How the world's most popular foods have traveled all over the planet

From the grains in your breakfast cereal to the grapes in your wine, there’s a strong chance that the food you eat on a daily basis has its ancient origins thousands of miles away. A major new study, the collaborative effort of more than a dozen researchers around the world, suggests that countries rely on crops that originally came from other parts of the globe — and the interconnections among global food systems are only continuing to grow.

It’s well known that many foods popular in certain countries didn’t actually originate there but were in fact carried over by travelers or traders at some point. The tomato, for instance — which is commonly associated with Italy — actually originated in the Americas. And the same is true of the potato, which later became a staple in Ireland. But what’s been unclear up until this point is exactly how much moving around all of the world’s crops have done over the centuries and how heavily different countries now rely on foods that didn’t actually originate within their borders.

“These plants are actually some of the other organisms in the world that we’ve had the greatest connection to or relationship to over time,” said the new study’s lead author, Colin Khoury, a crop-diversity specialist at the International Center for Tropical Agriculture (CIAT), in Colombia, and a researcher at the Agriculture Department’s National Laboratory for Genetic Resources Preservation in Colorado. “The study is really about what is the geography, the origin, of plants that we have this deep relationship to.”

It’s an important question in a world where food security is increasingly threatened by the rapidly growing population and a variety of environmental challenges, particularly the effects of climate change.
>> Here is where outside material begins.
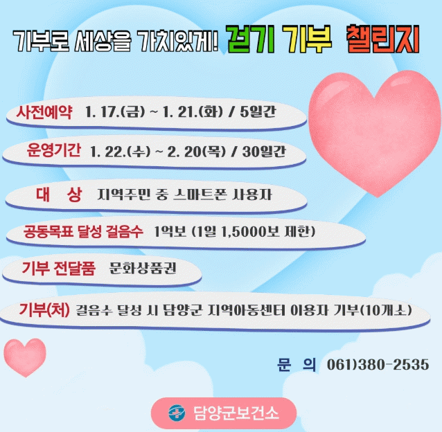 군 관계자는 “앞으로도 다양한 주제의 걷기 챌린지를 운영해 군민의 건강 향상은 물론 지역민과 함께 나눔을 실천하는 따뜻한 지역사회 분위기 조성에도 이바지하겠다”라고 전했다.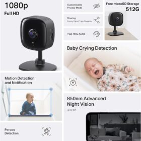 Tapo by TP-Link 1080P Indoor Security Camera for Baby Monitor, Pet Camera w/Motion Detection, 2-Way Audio, Night Vision, Cloud & SD Card Storage, Works w/Alexa & Google Home, Black, C101(4-Pack)

And by highlighting the interdependence of global food systems, the new study underscores the importance of protecting the diversity of crops grown all over the world.

The research, which was published Tuesday in the journal Proceedings of the Royal Society B, analyzed more than 100 crops in 177 countries, using data from the U.N. Food and Agriculture Organization (FAO) on the foods that are supplied or produced in each location. The study aimed to compare the countries in which crops are currently eaten to the “primary regions of diversity” where they originated — these are essentially hubs where certain types of crops have typically been grown for thousands of years and have branched out into a diverse array of species, both wild and domesticated. Corn, for instance, comes from a diversity region in Central America but has since become a major food item all over the world.

The analysis found that, worldwide, about 69 percent of all food supplied and produced was “foreign” — it originated in other regions. Looking at data from the past 50 years, the researchers also found that these interconnections have increased significantly over the past decades, with a particular increase in the use of foreign crops in Africa, Central America, and parts of Asia and South America.

Altogether, every country included in the study relies on foreign crops to some extent, although the degree to which this is true differs somewhat from one nation to the next. North America, Australia, New Zealand, and certain regions of Africa, Europe and the Caribbean were among those areas found to rely the most heavily on foreign crops — probably because they are located relatively far from many of the diversity regions around the world where staple crops are produced. (In the United States, for instance, nearly 90 percent of the food supplied or produced may be considered foreign.)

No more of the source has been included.